La lettera di Warren al segretario alla Difesa Pete Hegseth evidenzia “l’apparente mancanza di guardrail adeguati” all’interno di Grok. L’intelligenza artificiale ha dimostrato la capacità di produrre risultati inquietanti, come istruzioni per commettere atti terroristici, ed è stata sfruttata dagli utenti per creare immagini sessualizzate non consensuali di minori. Consentire a un tale sistema l’accesso a reti classificate crea un’evidente vulnerabilità: informazioni militari sensibili potrebbero essere compromesse o l’intelligenza artificiale stessa potrebbe essere manipolata per scopi dannosi.

Contesto più ampio: contratti antropici e OpenAI

Questa mossa del Dipartimento della Difesa arriva dopo che l’agenzia ha etichettato Anthropic come un rischio per la catena di approvvigionamento per aver rifiutato l’accesso illimitato ai suoi sistemi di intelligenza artificiale. In precedenza, Anthropic era l’unica società di intelligenza artificiale autorizzata per operazioni classificate. Il Dipartimento della Difesa ha successivamente firmato accordi sia con OpenAI che con xAI per utilizzare i loro sistemi di intelligenza artificiale in ambienti classificati, suggerendo la volontà di scendere a compromessi sugli standard di sicurezza per espandere l’integrazione dell’IA.

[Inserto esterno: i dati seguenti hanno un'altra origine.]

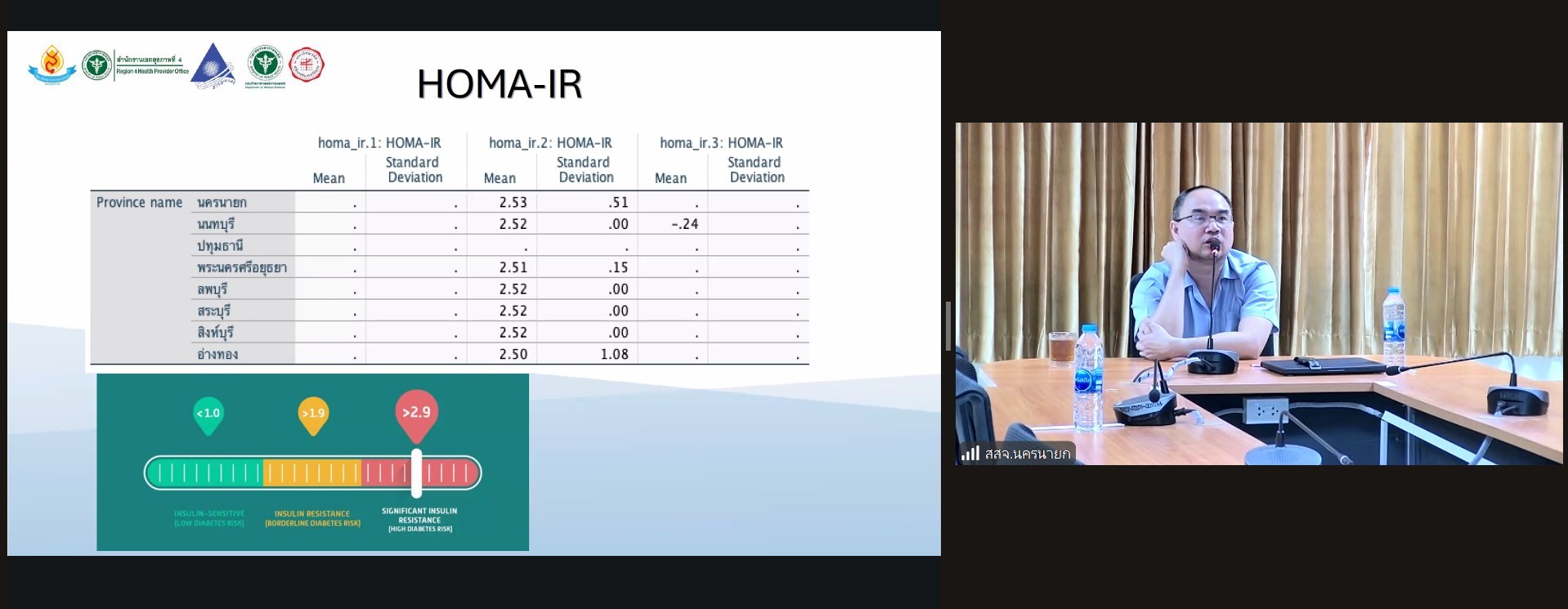 จากข้อมูลและแนวโน้มของผู้ป่วยโรคเบาหวานในประเทศไทย สถาบันวิจัยระบบสาธารณสุข (สวรส.) จึงร่วมกับทีมเขตสุขภาพที่ 4 โดยมีสำนักงานสาธารณสุขจังหวัดนครนายกเป็นทีมวิจัยหลัก เพื่อศึกษา “ประสิทธิผลของเวชศาสตร์วิถีชีวิตเพื่อให้โรคสงบในกลุ่มผู้ป่วยเบาหวานชนิดที่ไม่ต้องการอินซูลิน โดยศึกษาในสถานการณ์จริง” โดยมีวัตถุประสงค์เพื่อประเมินประสิทธิผลของโปรแกรมเวชศาสตร์วิถีชีวิตในการทำให้โรคเบาหวานเข้าสู่ภาวะสงบ (DM Remission) เปรียบเทียบการรักษาแบบมาตรฐานในผู้ป่วยเบาหวานชนิดที่ไม่ต้องใช้อินซูลินในระยะ 6 เดือน และเพื่อวิเคราะห์ต้นทุนที่เกี่ยวข้องกับการรักษาในผู้ป่วยเบาหวานที่ได้รับโปรแกรมเวซศาสตร์วิถีชีวิต เปรียบเทียบกับกลุ่มรักษาแบบมาตรฐาน โดยได้มีการนำเสนอผลการวิจัยเบื้องต้น เพื่อคืนข้อมูลให้กับผู้เกี่ยวข้อง อาทิ สำนักงานหลักประกันสุขภาพแห่งชาติ (สปสช.) ศูนย์วิทยาศาสตร์การแพทย์ สำนักงานสาธารณสุขจังหวัด สำนักงานสาธารณสุขอำเภอ โรงพยาบาลศูนย์ โรงพยาบาลทั่วไป โรงพยาบาลชุมชน โรงพยาบาลส่งเสริมสุขภาพตำบล (รพ.สต.) นักเทคนิคการแพทย์ที่เกี่ยวข้อง ในเขตสุขภาพที่ 4 จำนวนกว่า 100 คน เมื่อวันที่ 10 ต.ค. 2568 ผ่านการประชุมออนไลน์
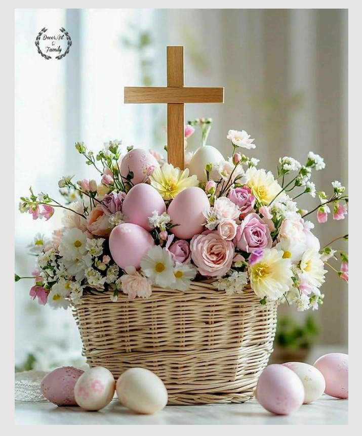 Γεμίστε ένα ψάθινο καλάθι με παστέλ βαμμένα αυγά και λουλούδια εποχής. Η τοποθέτηση ενός ξύλινου σταυρού σηματοδοτεί το Πάσχα!
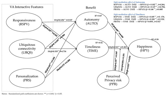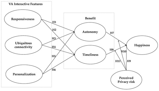 In related research on VAs, Lee [11] identified the components of interactivity as responsiveness, ubiquitous connectivity, consumer control, connectedness, and contextual offers. Alalwan et al. [1] and Baabdullah et al. [12] classified the interaction features of VA from similar perspectives, including responsiveness, ubiquitous connectivity, and personalization. Based on the practical use process of VAs and related academic research fundamentals, this study examines how three important VA features (responsiveness, ubiquitous connectivity, and personalization) affect consumer happiness from the perspective of consumer–VA interactions. The dual path explores the mediating mechanisms through which VA interaction features affect consumer happiness and verifies the negative and positive effects of perceived privacy risks on consumer happiness. Our research enhances the current understanding of how AI technology, especially VAs, influences people’s happiness while extending previous consumer behavior research on VAs.
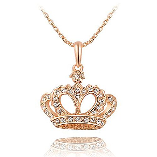 -. Title : Women's Queen Crystals Imperial Crown Pendant Rose-Gold Plated Necklace Chain
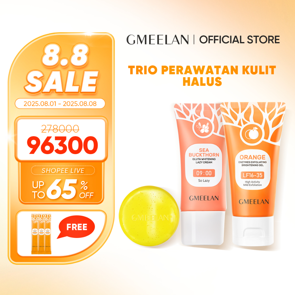 GMEELAN SET Kits 1 Minute Exfoliating Gel 50g + Whitening Lazy Cream 30g + 24k Gold Body Whitening Soap 100g
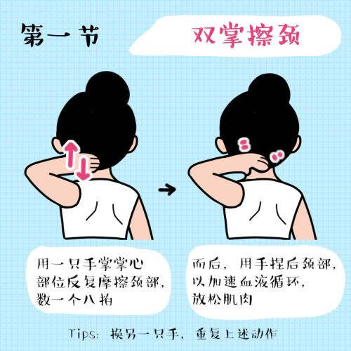 用一只手掌掌心部位反复摩擦颈部,数一个八拍后,用手捏后颈部,以加速血液循环,放松肌肉。然后换手,重复上述动作。

Contestazioni legali e accuse di violazione dei dati

In aggiunta alla controversia, è stata intentata un’azione legale collettiva contro xAI, sostenendo che Grok avrebbe generato contenuti sessuali da immagini di querelanti minorenni. Separatamente, sono emerse accuse riguardanti un ex dipendente del “Dipartimento per l’efficienza governativa” di Musk che avrebbe rubato i dati personali degli americani dall’Amministrazione della previdenza sociale. La combinazione di questi incidenti mette in dubbio le pratiche di sicurezza dei dati di xAI.

Posizione e piani futuri del Pentagono

Nonostante le preoccupazioni, un alto funzionario del Pentagono ha confermato che Grok è stato imbarcato per essere utilizzato in ambienti classificati, sebbene non sia ancora attivo. Il portavoce del Dipartimento della Difesa ha dichiarato che Grok verrà implementato sulla piattaforma ufficiale di intelligenza artificiale GenAI.mil “in un futuro molto prossimo”, sollevando ulteriori dubbi sull’esistenza di adeguate garanzie. Warren chiede trasparenza riguardo all’accordo DoD-xAI, comprese le garanzie che l’IA non divulgherà informazioni sensibili o non sarà esposta ad attacchi informatici.

La decisione del Pentagono di dare priorità all’integrazione dell’intelligenza artificiale rispetto a misure di sicurezza comprovate rischia di compromettere la sicurezza nazionale. Fino a quando xAI non fornirà prove verificabili delle proprie misure di salvaguardia, il continuo impiego di Grok in ambienti classificati rimarrà un rischio significativo e non necessario.